Their aforementioned failure to contest the legality of the mortgage for over five (5)
years and these attempts to redeem the property constitute further indicia that the same
belonged exclusively to Francisco Soriano, not to the conjugal partnership with his
deceased wife, Tomasa Rodriguez. Apart from the fact that said attempts to redeem the
property constitute an implied admission of the validity of its sale and, hence, of its
mortgage to the RFC there are authorities to the effect that they bar the Sorianos
from assailing the same.

... defendants, by their repeated requests for time to redeem had impliedly admitted
and were estopped to question the validity and regularity of the Sheriff's sale. 21

The petitioner himself believed that the company had a right to cancel, because in
March, 1932, i.e., after the cancellation, he proposed the repurchase of the property,
and the company agreed to resell it to him .... Unluckily he could make no down
payment and the repurchase fell through. Wherefore, it is now too late for him to
question the cancellation, inasmuch as he practically ratified it, .... 22

The fact that Mallorca failed to exercise her right of redemption, which she sought to
enforce in a judicial court, ends her interest to the land she claims, and, doubtless,
estops her from denying PNB's mortgage lien thereon. 23

It is thus clear that the lower court erred in annulling the RFC mortgage on the
Paraaque property and its sale to the RFC as regards one-half of said property, and
that the decision appealed from should, accordingly, be modified, by eliminating
therefrom the second paragraph of its dispositive part, quoted earlier in this decision.

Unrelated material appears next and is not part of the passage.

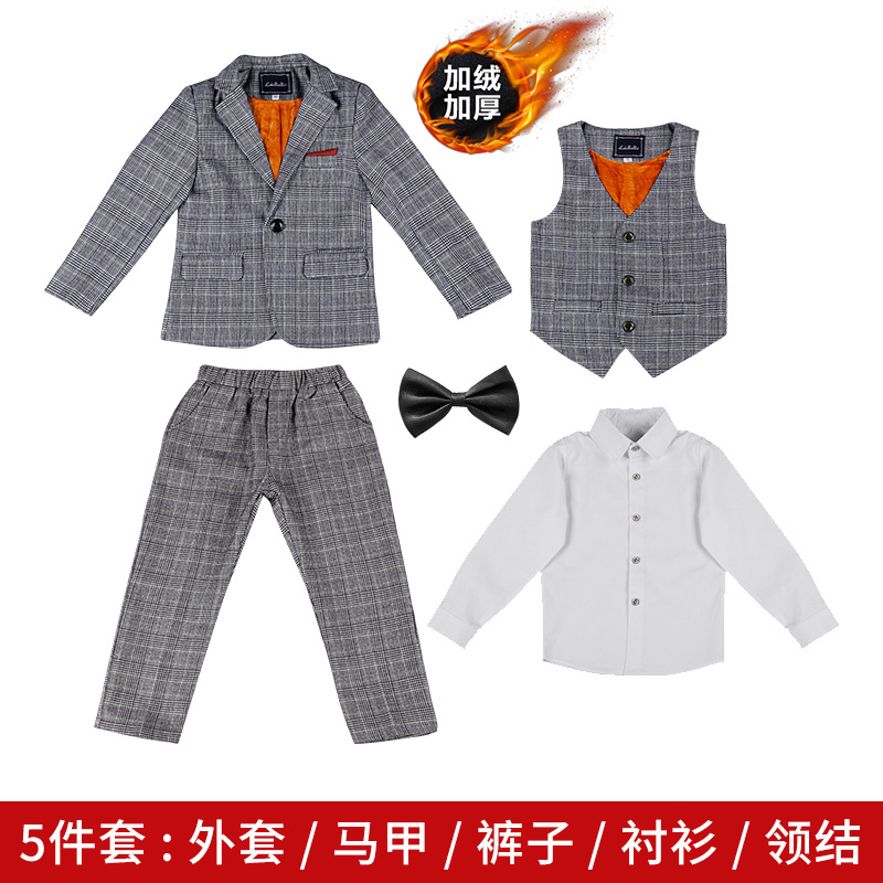 가을과 겨울 새로운 소년 꽃 소녀 결혼식 호스트 성능 원피스 어린이 세트 한국어 단색 격자 무늬 세트 세트

With this modification and that of other pertinent parts of the decision appealed from,
the same is hereby affirmed in all other respects, with the costs of this instance against
plaintiff, Jose L. Ponce de Leon and third-party plaintiffs, Rosalina Soriano, Teofila
Soriano del Rosario and Father Eugenio Soriano. It is so ordered.

Reyes, J.B.L., Makalintal, Zaldivar, Castro, Fernando, Teehankee, Barredo and


Villamor, JJ., concur.

Dizon and Makasiar, JJ., are on leave.